Week 7

LECTURE III The Aerial Ocean in Which We Live

Did you ever sit on the bank of a river in some quiet spot where the water was deep and clear, and watch the fishes swimming lazily along? When I was a child this was one of my favourite occupations in the summertime on the banks of the Thames, and there was one question which often puzzled me greatly, as I watched the minnows and gudgeon gliding along through the water. Why should fishes live in something and be often buffeted about by waves and currents, while I and others lived on the top of the earth and not in anything? I do not remember ever asking anyone about this; and if I had, in those days people did not pay much attention to children's questions, and probably nobody would have told me, what I now tell you, that we do live in something quite as real and often quite as rough and stormy as the water in which the fishes swim. The something in which we live is air, and the reason that we do not perceive it, is that we are in it, and that it is a gas, and invisible to us; while we are above the water in which the fishes live, and it is a liquid which our eyes can perceive.

But let us suppose for a moment that a being, whose eyes were so made that he could see gases as we see liquids, was looking down from a distance upon our earth. He would see an ocean of air, or aerial ocean, all round the globe, with birds floating about in it, and people walking along the bottom, just as we see fish gliding along the bottom of a river. It is true, he would never see even the birds come near to the surface, for the highest- flying bird, the condor, never soars more than five miles from the ground, and our atmosphere, as we shall see, is at least 100 miles high. So he would call us all deep-air creatures, just as we talk of deep-sea animals; and if we can imagine that he fished in this air-ocean, and could pull one of us out of it into space, he would find that we should gasp and die just as fishes do when pulled out of the water.

He would also observe very curious things going on in our air- ocean; he would see large streams and currents of air, which we call winds, and which would appear to him as ocean-currents do to us, while near down to the earth he would see thick mists forming and then disappearing again, and these would be our clouds. From them he would see rain, hail and snow falling to the earth, and from time to time bright flashes would shoot across the air- ocean, which would be our lightning. Nay even the brilliant rainbow, the northern aurora borealis, and the falling stars, which seem to us so high up in space, would be seen by him near to our earth, and all within the aerial ocean.

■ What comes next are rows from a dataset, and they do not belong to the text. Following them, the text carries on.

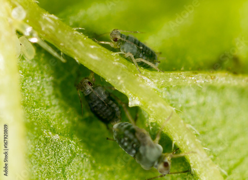 © schankz, Fototapeta premium Aphids on a green leaf in nature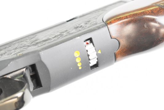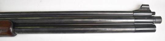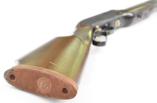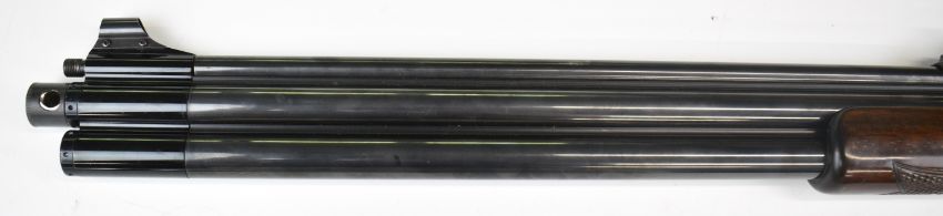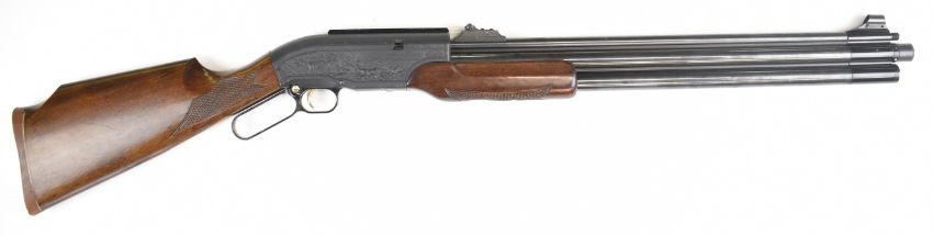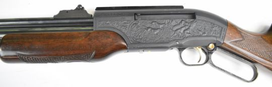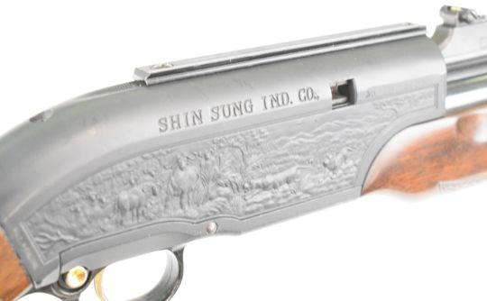 Shin Sung Career II 707 .22 underlever-action PCP FAC air rifle with scenes of dogs hunting wild boar and cats hunting buffalo to the action, chequered grip and forend and adjustable sights, serial number SS01-550378. PLEASE NOTE THAT A VALID RELEVANT FIREARMS CERTIFICATE IS REQUIRED TO VIEW OR PURCHASE THIS LOT AND FOR ALL SHOTGUNS OR RIFLES PLEASE ENSURE YOU HAVE THE RELEVANT CERTIFICATE BEFORE BIDDING.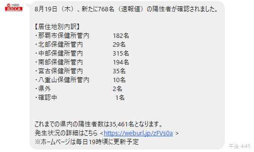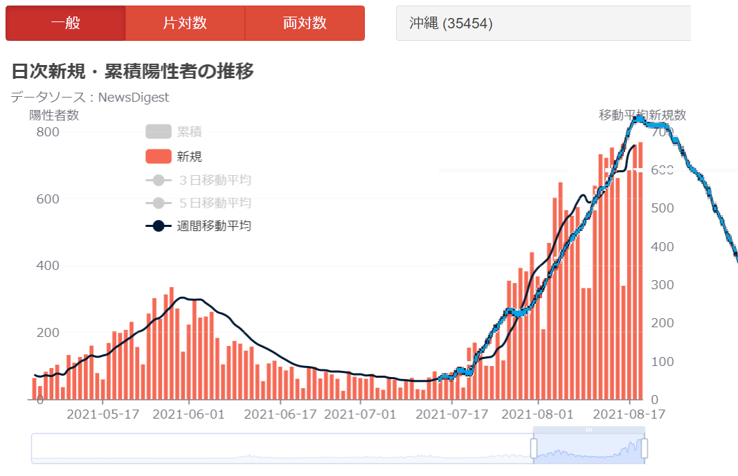 8/19の沖縄のCOVID-19の新規陽性者は768名と上昇期の平日なので記録更新が続く。ただ増加率は緩やかになっている。第4波は富士山の様に反り上がってpeakを越えたが、第5波は徐々に緩やかにpeak越え迎えそう。これは4波は濃厚接触者が広く追えたが、5波は感染者増大にPCR検査が追付いていないからだろう pic.twitter.com/h4G7G4ahfL

But as we know of no such being living in space, who can tell us what takes place in our invisible air, and we cannot see it ourselves, we must try by experiments to see it with our imagination, though we cannot with our eyes.

First, then, can we discover what air is? At one time it was thought that it was a simple gas and could not be separated into more than one kind. But we are now going to make an experiment by which it has been shown that air is made of two gases mingled together, and that one of these gases, called oxygen, is used up when anything burns, while the other nitrogen is not used, and only serves to dilute the minute atoms of oxygen. I have here a glass bell-jar, with a cork fixed tightly in the neck, and I place the jar over a pan of water, while on the water floats a plate with a small piece of phosphorus upon it. You will see that by putting the bell-jar over the water, I have shut in a certain quantity of air, and my object now is to use up the oxygen out of this air and leave only nitrogen behind. To do this I must light the piece of phosphorus, for you will remember it is in burning that oxygen is used up. I will take the cork out, light the phosphorus, and cork up the jar again. See! as the phosphorus burns white fumes fill the jar. These fumes are phosphoric acid which is a substance made of phosphorous and the oxygen of the air together.

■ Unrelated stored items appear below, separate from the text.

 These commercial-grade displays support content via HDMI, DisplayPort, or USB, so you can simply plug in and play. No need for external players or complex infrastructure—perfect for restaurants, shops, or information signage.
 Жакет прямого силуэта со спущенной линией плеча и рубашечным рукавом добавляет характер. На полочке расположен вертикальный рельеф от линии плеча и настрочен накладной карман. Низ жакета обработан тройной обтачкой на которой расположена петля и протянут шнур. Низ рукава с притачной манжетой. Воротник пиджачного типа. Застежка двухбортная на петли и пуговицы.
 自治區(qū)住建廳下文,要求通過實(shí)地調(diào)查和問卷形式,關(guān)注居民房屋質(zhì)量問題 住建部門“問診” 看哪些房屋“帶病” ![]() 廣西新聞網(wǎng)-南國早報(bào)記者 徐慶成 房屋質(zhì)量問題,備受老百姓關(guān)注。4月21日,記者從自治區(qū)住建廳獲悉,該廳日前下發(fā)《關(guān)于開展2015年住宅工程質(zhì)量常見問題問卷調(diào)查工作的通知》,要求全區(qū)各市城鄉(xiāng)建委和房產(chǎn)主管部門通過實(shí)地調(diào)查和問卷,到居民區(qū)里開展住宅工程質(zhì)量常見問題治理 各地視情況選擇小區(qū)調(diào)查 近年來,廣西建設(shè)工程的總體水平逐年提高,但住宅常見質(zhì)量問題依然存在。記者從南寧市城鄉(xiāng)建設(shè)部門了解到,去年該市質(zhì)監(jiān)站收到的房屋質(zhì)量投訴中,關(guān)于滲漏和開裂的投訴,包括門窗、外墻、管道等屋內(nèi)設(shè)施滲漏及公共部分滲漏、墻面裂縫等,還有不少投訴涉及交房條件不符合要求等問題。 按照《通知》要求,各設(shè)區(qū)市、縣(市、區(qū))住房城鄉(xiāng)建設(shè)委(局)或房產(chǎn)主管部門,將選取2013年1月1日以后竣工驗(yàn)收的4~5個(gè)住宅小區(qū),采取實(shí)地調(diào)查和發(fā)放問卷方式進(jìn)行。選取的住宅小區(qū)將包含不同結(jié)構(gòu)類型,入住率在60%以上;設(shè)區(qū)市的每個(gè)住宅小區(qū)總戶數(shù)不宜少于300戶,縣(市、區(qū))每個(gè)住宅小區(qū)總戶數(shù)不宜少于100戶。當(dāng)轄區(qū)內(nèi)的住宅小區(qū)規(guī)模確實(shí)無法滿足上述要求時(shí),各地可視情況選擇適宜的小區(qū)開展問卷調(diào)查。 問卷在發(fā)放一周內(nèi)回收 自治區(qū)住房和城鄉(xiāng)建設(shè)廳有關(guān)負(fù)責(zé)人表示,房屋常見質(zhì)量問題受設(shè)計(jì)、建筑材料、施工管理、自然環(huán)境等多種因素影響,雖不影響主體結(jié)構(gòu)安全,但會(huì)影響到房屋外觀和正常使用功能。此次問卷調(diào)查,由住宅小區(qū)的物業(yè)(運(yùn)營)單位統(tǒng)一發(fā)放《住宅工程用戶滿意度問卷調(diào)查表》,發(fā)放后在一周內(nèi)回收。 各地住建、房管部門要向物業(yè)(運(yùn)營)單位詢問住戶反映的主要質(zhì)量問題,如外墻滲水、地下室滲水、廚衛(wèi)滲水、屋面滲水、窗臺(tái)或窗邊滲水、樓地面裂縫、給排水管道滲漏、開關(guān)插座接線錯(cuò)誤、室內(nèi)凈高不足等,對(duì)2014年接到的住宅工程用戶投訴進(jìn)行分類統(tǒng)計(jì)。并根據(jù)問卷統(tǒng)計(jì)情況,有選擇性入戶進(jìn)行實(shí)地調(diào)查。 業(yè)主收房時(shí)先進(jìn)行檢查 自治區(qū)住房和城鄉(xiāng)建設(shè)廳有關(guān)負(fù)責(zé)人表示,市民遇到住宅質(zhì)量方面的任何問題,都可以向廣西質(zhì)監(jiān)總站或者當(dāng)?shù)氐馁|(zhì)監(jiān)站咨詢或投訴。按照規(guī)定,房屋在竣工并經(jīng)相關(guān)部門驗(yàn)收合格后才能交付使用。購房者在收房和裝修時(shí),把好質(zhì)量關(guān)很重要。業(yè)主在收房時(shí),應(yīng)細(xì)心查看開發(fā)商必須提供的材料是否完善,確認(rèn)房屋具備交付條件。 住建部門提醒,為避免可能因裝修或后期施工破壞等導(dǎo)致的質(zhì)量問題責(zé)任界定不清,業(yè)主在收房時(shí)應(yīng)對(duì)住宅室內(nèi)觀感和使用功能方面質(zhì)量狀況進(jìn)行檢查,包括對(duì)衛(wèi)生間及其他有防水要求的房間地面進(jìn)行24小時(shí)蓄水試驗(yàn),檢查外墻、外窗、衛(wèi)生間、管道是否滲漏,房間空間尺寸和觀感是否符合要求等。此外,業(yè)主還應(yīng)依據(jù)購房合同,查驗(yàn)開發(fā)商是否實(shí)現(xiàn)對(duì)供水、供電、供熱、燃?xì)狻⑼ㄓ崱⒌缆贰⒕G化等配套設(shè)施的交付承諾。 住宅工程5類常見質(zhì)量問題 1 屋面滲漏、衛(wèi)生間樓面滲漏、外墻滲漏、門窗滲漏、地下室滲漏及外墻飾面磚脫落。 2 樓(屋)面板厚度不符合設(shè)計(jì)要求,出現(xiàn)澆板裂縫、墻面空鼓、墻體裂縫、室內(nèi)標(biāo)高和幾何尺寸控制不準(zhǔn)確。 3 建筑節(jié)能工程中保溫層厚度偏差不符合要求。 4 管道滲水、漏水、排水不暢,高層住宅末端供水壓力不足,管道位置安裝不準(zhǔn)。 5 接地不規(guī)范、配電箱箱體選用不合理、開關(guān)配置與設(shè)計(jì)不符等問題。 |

Now, phosphoric acid melts in water just as sugar does, and in a few minutes these fumes will disappear. They are beginning to melt already, and the water from the pan is rising up in the bell-jar. Why is this? Consider for a moment what we have done. First, the jar was full of air, that is, of mixed oxygen and nitrogen; then the phosphorus used up the oxygen making white fumes; afterwards, the water sucked up these fumes; and so, in the jar now nitrogen is the only gas left, and the water has risen up to fill all the rest of the space that was once taken up with oxygen.

We can easily prove that there is no oxygen now in the jar. I take out the cork and let a lighted taper down into the gas. If there were any oxygen the taper would burn, but you see it goes out directly proving that all the oxygen has been used up by the phosphorous. When this experiment is made very accurately, we find that for every pint of oxygen in air there are four pints of nitrogen, so that the active oxygen-atoms are scattered about, floating in the sleepy, inactive nitrogen.

It is these oxygen-atoms which we use up when we breathe. If I had put a mouse under the bell-jar, instead of the phosphorus, the water would have risen just the same, because the mouse would have breathed in the oxygen and used it up in its body, joining it to carbon and making a bad gas, carbonic acid, which would also melt in the water, and when all the oxygen was used, the mouse would have died.